What you are asked to do: Copy word for word the lines in the records below, starting at the line with "阳江校区党委副书记陈永强鼓励" and ending at the line with "5. In the Data". Skip the pictures.

Supplied records:
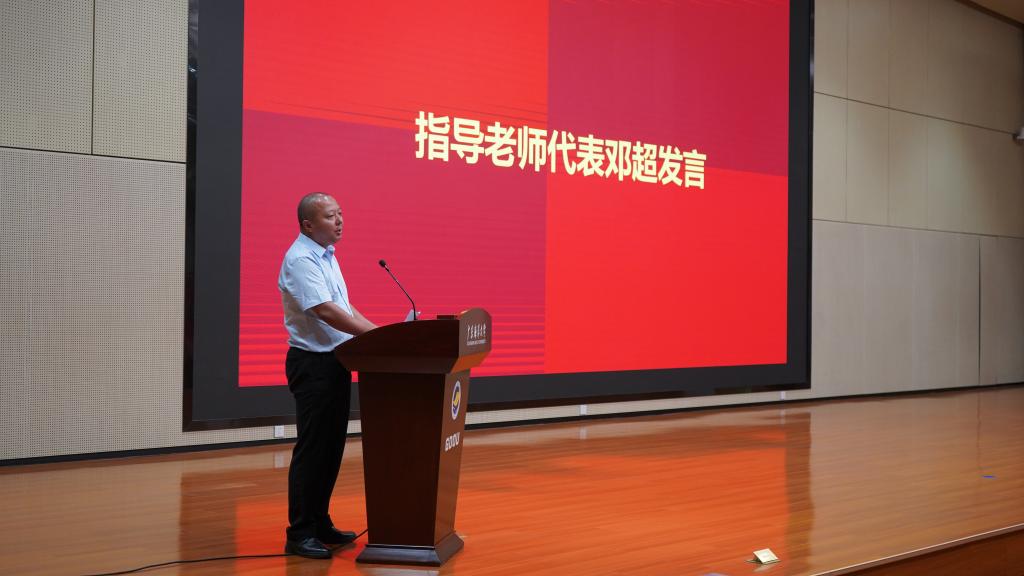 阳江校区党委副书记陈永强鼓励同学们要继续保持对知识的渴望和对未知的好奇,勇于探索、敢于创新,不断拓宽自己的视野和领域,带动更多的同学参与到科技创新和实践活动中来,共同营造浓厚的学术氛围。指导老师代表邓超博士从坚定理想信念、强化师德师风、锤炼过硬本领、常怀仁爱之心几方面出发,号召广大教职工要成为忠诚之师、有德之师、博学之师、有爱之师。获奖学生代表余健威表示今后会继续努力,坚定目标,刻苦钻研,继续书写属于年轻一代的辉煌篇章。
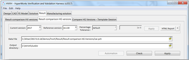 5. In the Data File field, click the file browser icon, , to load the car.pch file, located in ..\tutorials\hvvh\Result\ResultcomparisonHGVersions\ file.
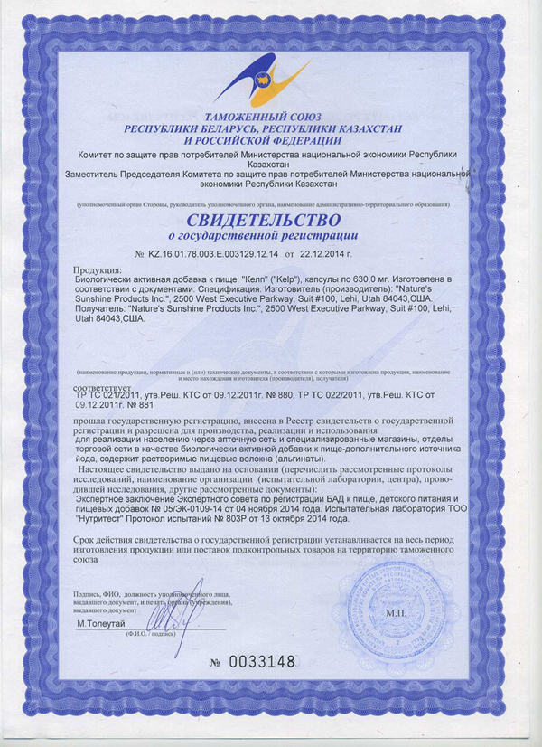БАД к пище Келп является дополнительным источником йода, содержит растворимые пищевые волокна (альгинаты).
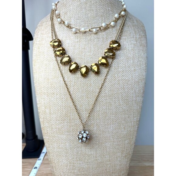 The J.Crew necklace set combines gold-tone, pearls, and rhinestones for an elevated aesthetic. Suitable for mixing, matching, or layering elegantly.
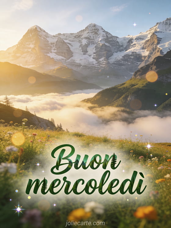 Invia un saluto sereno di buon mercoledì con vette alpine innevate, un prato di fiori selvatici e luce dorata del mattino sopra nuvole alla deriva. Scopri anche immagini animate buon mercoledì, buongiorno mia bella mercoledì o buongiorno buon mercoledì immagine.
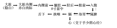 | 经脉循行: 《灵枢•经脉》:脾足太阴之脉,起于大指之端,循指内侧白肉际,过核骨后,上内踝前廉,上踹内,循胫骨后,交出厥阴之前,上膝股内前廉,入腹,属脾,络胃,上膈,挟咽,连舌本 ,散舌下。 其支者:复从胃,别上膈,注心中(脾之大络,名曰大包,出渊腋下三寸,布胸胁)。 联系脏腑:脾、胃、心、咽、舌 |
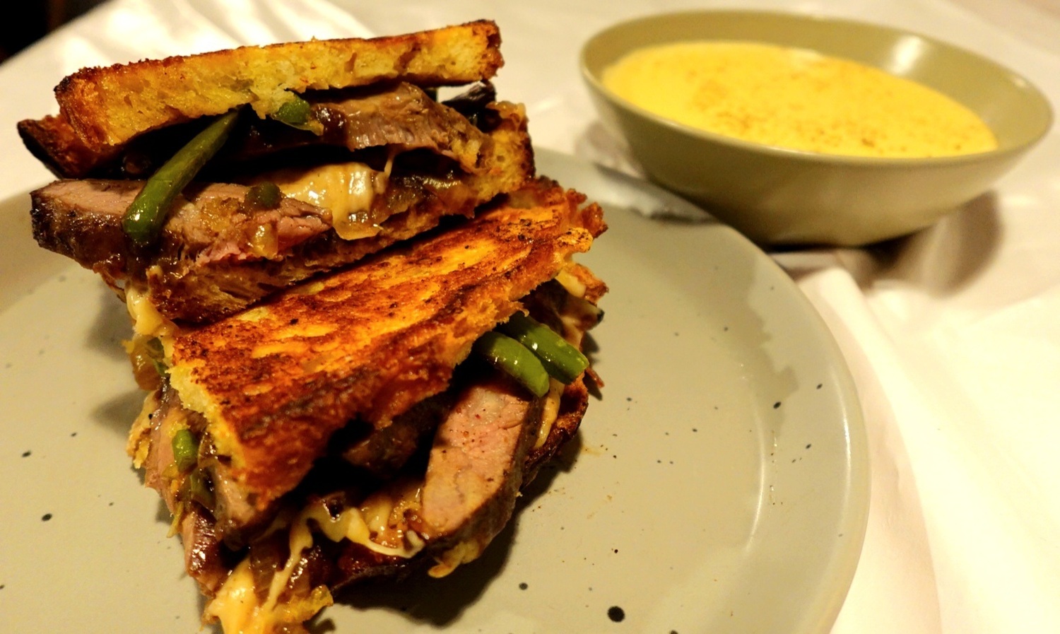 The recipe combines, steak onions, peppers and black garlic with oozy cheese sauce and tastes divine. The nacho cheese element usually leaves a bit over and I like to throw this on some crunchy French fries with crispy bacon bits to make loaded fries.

...

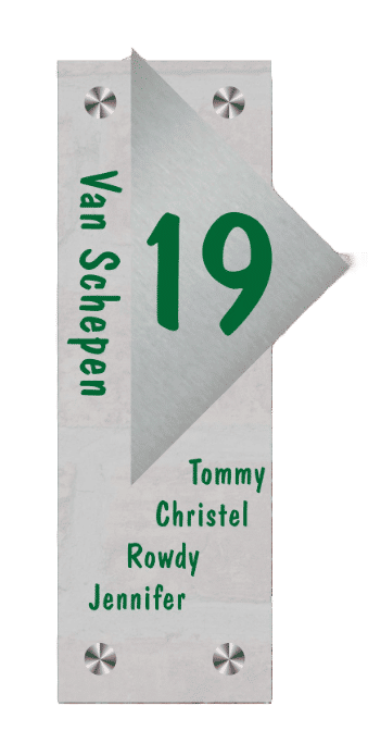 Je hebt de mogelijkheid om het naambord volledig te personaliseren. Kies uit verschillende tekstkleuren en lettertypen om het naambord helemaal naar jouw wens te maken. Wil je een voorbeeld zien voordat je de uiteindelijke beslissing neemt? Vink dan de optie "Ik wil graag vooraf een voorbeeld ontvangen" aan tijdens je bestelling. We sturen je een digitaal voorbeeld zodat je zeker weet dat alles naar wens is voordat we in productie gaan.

Response to this task:
 阳江校区党委副书记陈永强鼓励同学们要继续保持对知识的渴望和对未知的好奇,勇于探索、敢于创新,不断拓宽自己的视野和领域,带动更多的同学参与到科技创新和实践活动中来,共同营造浓厚的学术氛围。指导老师代表邓超博士从坚定理想信念、强化师德师风、锤炼过硬本领、常怀仁爱之心几方面出发,号召广大教职工要成为忠诚之师、有德之师、博学之师、有爱之师。获奖学生代表余健威表示今后会继续努力,坚定目标,刻苦钻研,继续书写属于年轻一代的辉煌篇章。
 5. In the Data File field, click the file browser icon, , to load the car.pch file, located in ..\tutorials\hvvh\Result\ResultcomparisonHGVersions\ file.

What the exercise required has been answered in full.